Ted Huffman’s Berlin production portrays the world of fairies as a drab realm of spirits as a way of reflecting Britten’s suppressed sexuality. What’s your angle on this interpretation?

I think it’s exciting and important and the right thing to do. It is 2026, after all. The English National Opera’s rendition went in a similar direction, set in a British boarding school. I played a sort of demonic principal and Puck was a pubescent schoolboy, so the production was also touching on Britten’s delicate relationship to youth and innocence. It didn’t present Britten as a paedophile, but it did explore issues of power, projection and fascination. I myself was a boarder at the age of eight, with teachers acting in loco parentis. There’s an invisible boundary – and you know at once when it’s being shifted. We should all be sensitising ourselves to these boundaries on an ongoing basis.

What’s it like singing the part of Oberon?

The role is not as taxing as people think. Compared to Händel or WRITTEN ON SKIN by George Benjamin you’re rarely touching the extremes of register. There’s the exquisite »I Know a Bank« aria but most of my text is recitative. The challenge consists in being entertaining and conveying an energised impression whenever the character appears.

And focusing on the acting element?

Absolutely. A lot of countertenors say Oberon is boring because he doesn’t do much actual singing. His stage presence is huge, yet funnily enough, in the midst of all this amazing music, he doesn’t sing a lot.

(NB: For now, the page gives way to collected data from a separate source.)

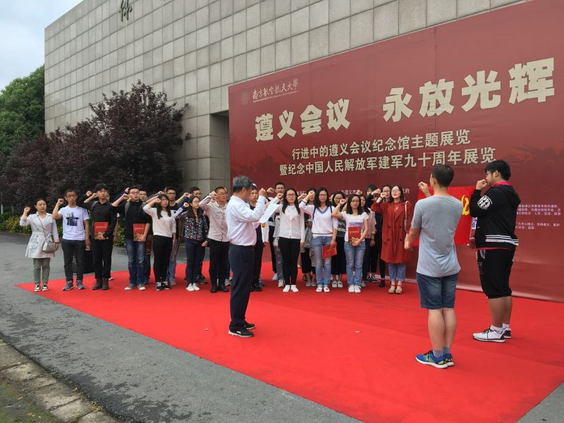 毕业班的“大哥哥”“大姐姐”们先是在来自遵义的小讲解员的带领下重温了革命历史缅怀了革命前辈,接受了一场别开生面的爱党、爱国教育。之后,同学们排好队,面向鲜红的党旗,共同举起右手,在老党员张松祥老师的带领下庄严宣誓。铿锵有力的宣誓声,表达了党员们对信念的坚守和为共产主义事业奋斗终身的决心。宣誓结束后,张老师为党员们上了最后一堂党课。他从自己入党的经历说起,回顾了自己的青葱岁月,以一个长辈的身份与党员们谈心谈话。最后,他对即将毕业的同学们提出了三点希望。一是希望大家不忘初心,牢记自己的入党动机,坚定不移的实现自己的人生理想;二是希望大家在新的岗位上争创一流,追求卓越;三是希望同学们感恩母校,南航是所有人的终身背景和精神家园。张老师的尊尊教诲,党员们纷纷表示将牢记在心,时刻不忘。
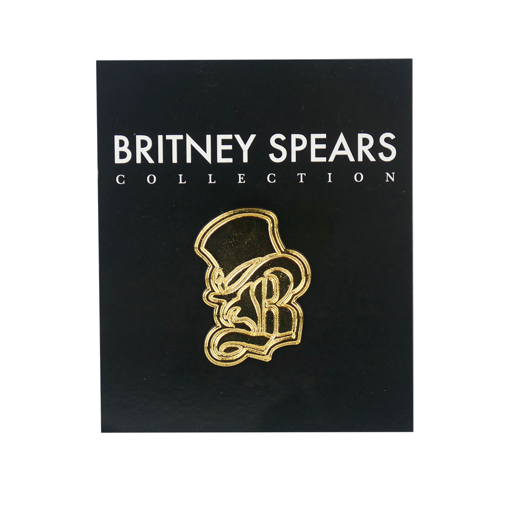 Polished gold-plated metal pin with clutch back featuring a "B" initial with a Circus top hat. 1" x 1.39"
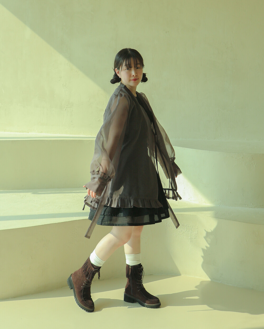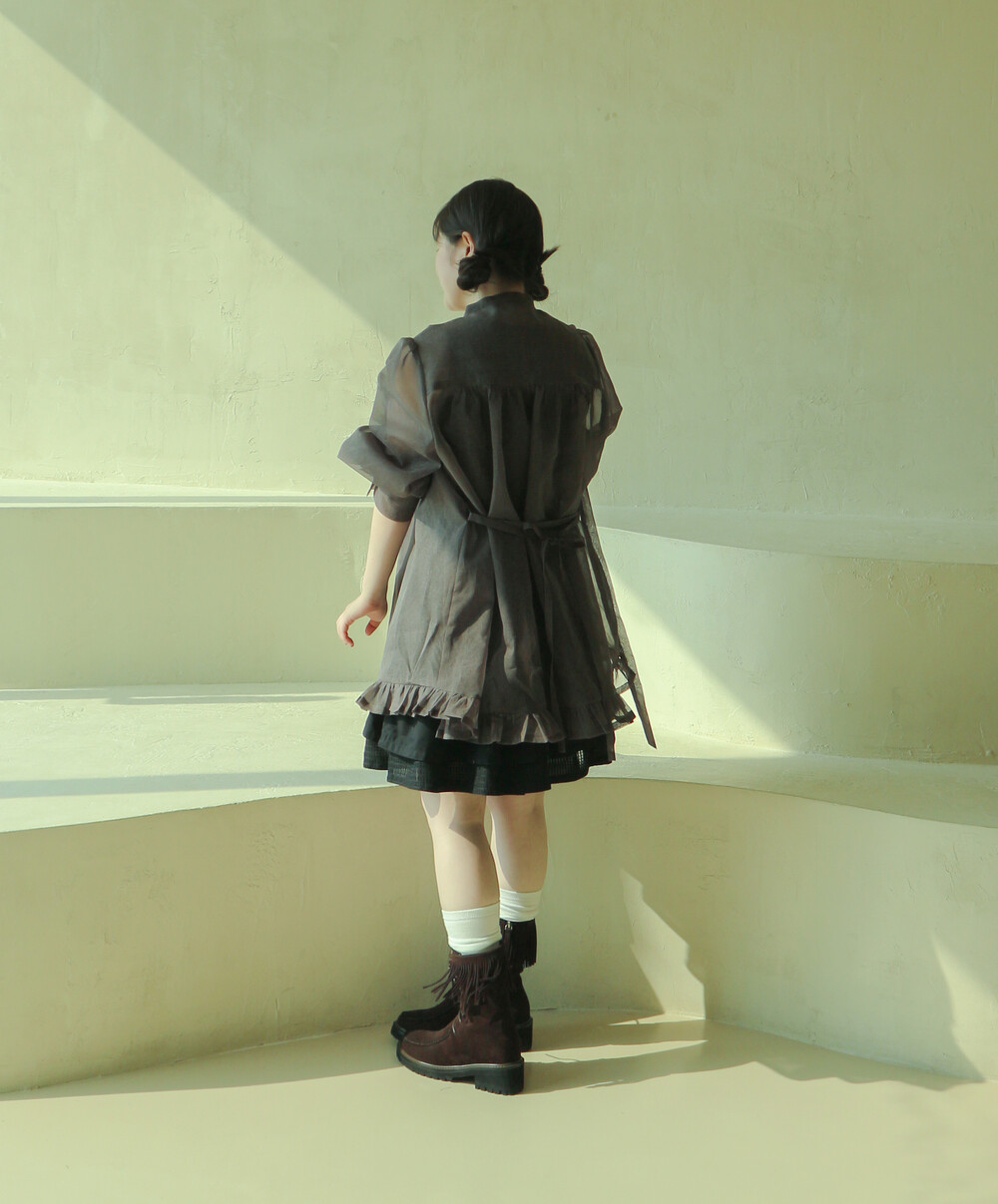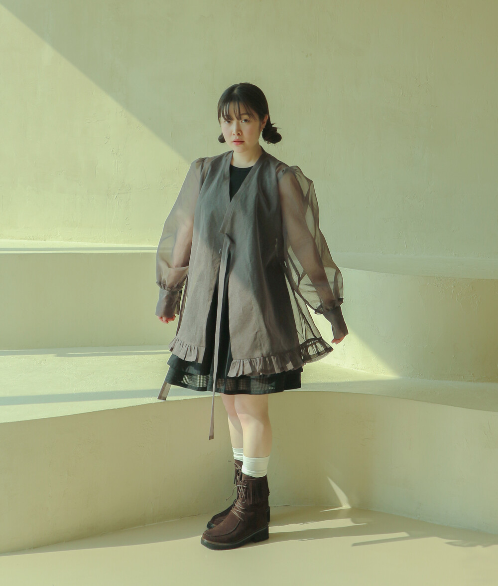 독특한 질감의 격자 무늬 안감으로 밑단을 길게 나오게 하여 포인트를 주었습니다.
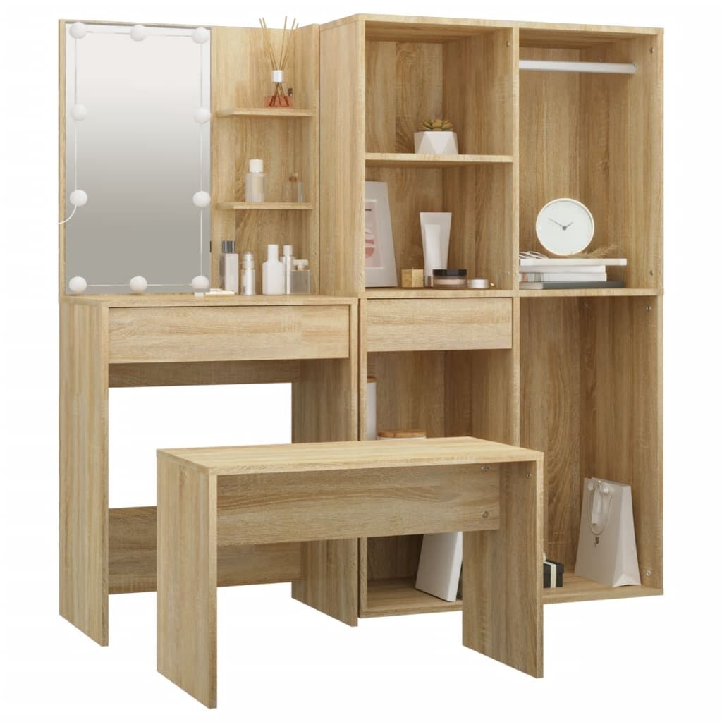 The trendy dressing table set gives your bedroom a timeless, refined look. The dressing table set with LED is a perfect addition to your bedroom decor and also keeps your cosmetics close at hand! Stable material: The engineered wood is of exceptional quality with smooth surface and also features strength, stability and resistance to moisture.Utility mirror: The dressing table with mirror is perfect for your daily beauty routine. The mirror allows you to take care of your facial skin and wear your makeup too!Ample storage space: The dressing table with stool provides ample space for easy access to your make-up, jewellery and everyday essentials.LED light: The dressing table also has LED bulbs with USB, which are easy to switch modes from warm to cold white. The featured LED bulbs around mirror illuminate your beauty as well.Wide applications: This dressing table set is suitable for various scenes, such as your bedroom, cloakroom and any other room you want to place it in. WARNING:In order to prevent overturning, this product must be used with the wall attachment device provided. Note:Each product comes with an assembly manual in the box for easy assembly.
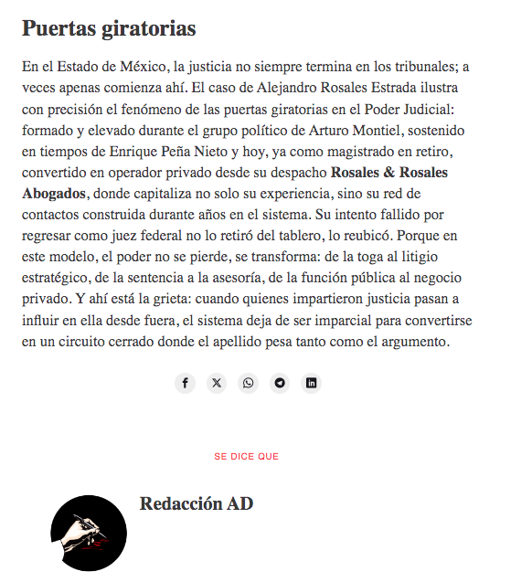 En el Estado de México, la justicia no siempre termina en los tribunales; a veces apenas comienza ahí. El caso de Alejandro Rosales Estrada ilustra con precisión el fenómeno de las puertas giratorias en el Poder Judicial: formado y elevado durante el grupo político de Arturo Montiel, sostenido en tiempos de Enrique Peña Nieto y hoy, ya como magistrado en retiro, convertido en operador privado desde su despacho Rosales & Rosales Abogados, donde capitaliza no solo su experiencia, sino su red de contactos construida durante años en el sistema. Su intento fallido por regresar como juez federal no lo retiró del tablero, lo reubicó. Porque en este modelo, el poder no se pierde, se transforma: de la toga al litigio estratégico, de la sentencia a la asesoría, de la función pública al negocio privado. Y ahí está la grieta: cuando quienes impartieron justicia pasan a influir en ella desde fuera, el sistema deja de ser imparcial para convertirse en un circuito cerrado donde el apellido pesa tanto como el argumento.
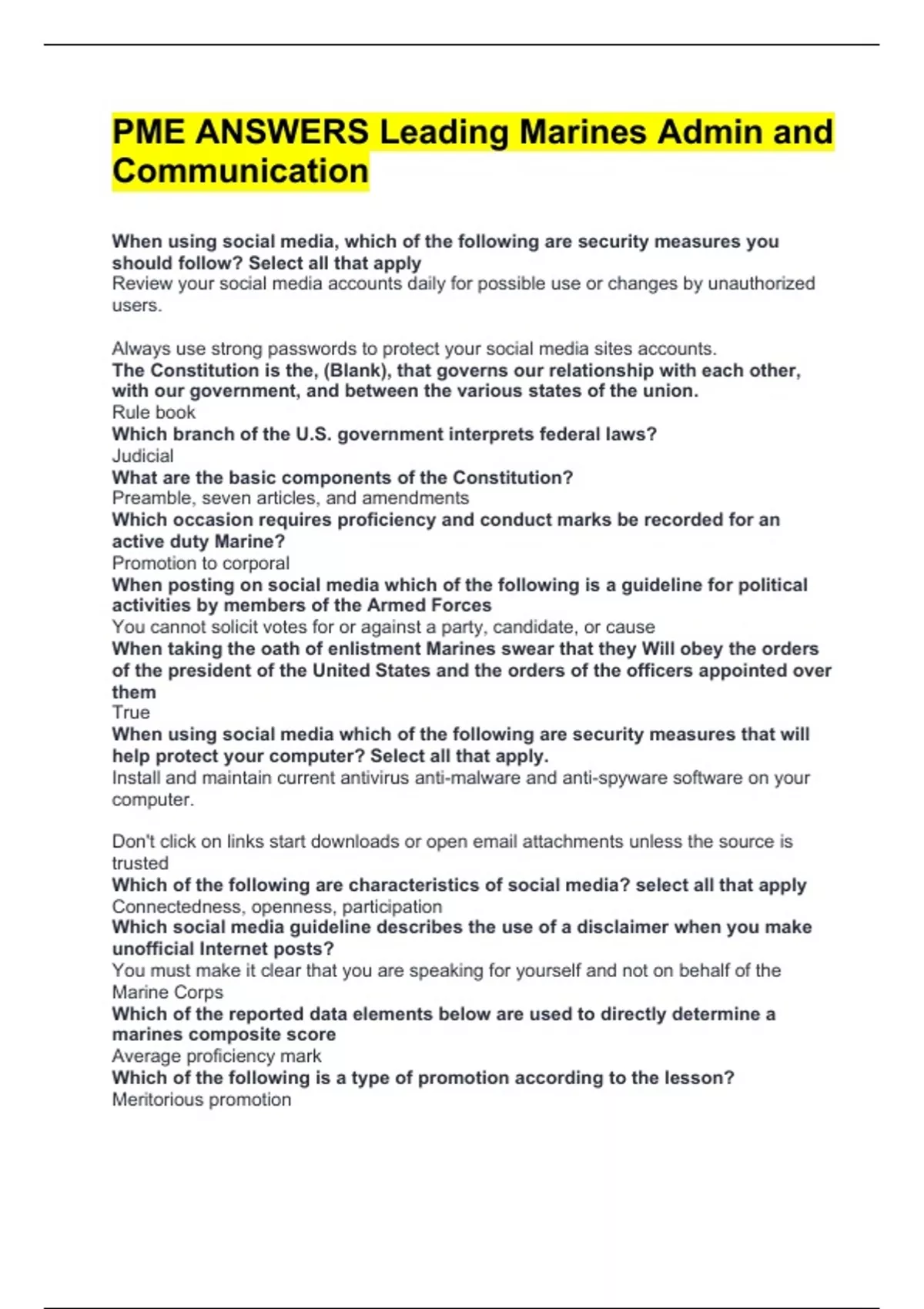 PME ANSWERS Leading Marines Admin and Communication When using social media, which of the following are security measures you should follow? Select all that apply Review your social media accounts daily for possible use or changes by unauthorized users. Always use strong passwords to protect your social media sites accounts. The Constitution is the, (Blank), that governs our relationship with each other, with our government, and between the various states of the union. Rule book Which branch of the U.S. government interprets federal laws? Judicial What are the basic components of the Constitution? Preamble, seven articles, and amendments Which occasion requires proficiency and conduct marks be recorded for an active duty Marine? Promotion to corporal When posting on social media which of the following is a guideline for political activities by members of the Armed Forces You cannot solicit votes for or against a party, candidate, or cause When taking the oath of enlistment Marines swear that they Will obey the orders of the president of the United States and the orders of the officers appointed over them True When using social media which of the following are security measures that will help protect your computer? Select all that apply. Install and maintain current antivirus anti-malware and anti-spyware software on your computer. Don't click on links start downloads or open email attachments unless the source is trusted Which of the following are characteristics of social media? select all that apply Connectedness, openness, participation Which social media guideline describes the use of a disclaimer when you make unofficial Internet posts? You must make it clear that you are speaking for yourself and not on behalf of the Marine Corps Which of the reported data elements below are used to directly determine a marines composite score Average proficiency mark Which of the following is a type of promotion according to the lesson? Meritorious promotion Which of the following are guidelines for political activities by members of the Armed Forces? Select all that apply. Don't express or imply Marine Corps endorsements of any opinion product or cause You cannot participate in any interview or discussion as an advocate for or against party candidate or cause You cannot solicit votes for or against a party candidate or cause Which of the following are social media guidelines Professionally and respectfully correct misinformation made by others about the Marine Corps Don't use any words logos or other marks that would infringe upon intellectual property rights of others Your social network friends and followers may potential constitute relations that can affect your ability to hold a security Clearence Which of the following is an objective of the Marine Corps promotion system To ensure that only the best and fully qualified marines are promoted What marking range would Marines fall into if they are evaluated as unacceptable in Conduct 0 to 1.9 What marking range would Marines fall into if they are you evaluated as average in conduct 4 to 4.4 Corporals and below will receive proficiency and conduct Marks (Blank) at a minimum Semi annually What branch of the US government includes the commander in chief Executive Which of the following are purposes of proficiency and conduct Marks? Select all that apply To record a marines performance To determine characterization of service upon discharge

And depending on the production, I can stress his benign side or his dark side. I’m like an onion: each production has deposited another layer. I now have so many Oberons stored within me that I can tap into all that experience for each new production.

You studied archaeology and anthropology. Has that informed your work as a singer?

Not really. I was a choirboy and sang all through my study years at Cambridge. But the work is very same-y. I was part of a dig in the Caribbean that excavated the remains of Britain’s first slave farm, a sugar cane plantation. And in York we uncovered a mediaeval hospital. Archaeology is about exposing strata and coming to fresh interpretations. Opera is a bit like that. You’re revealing remnants of the past and trying to give voice to them in the present day.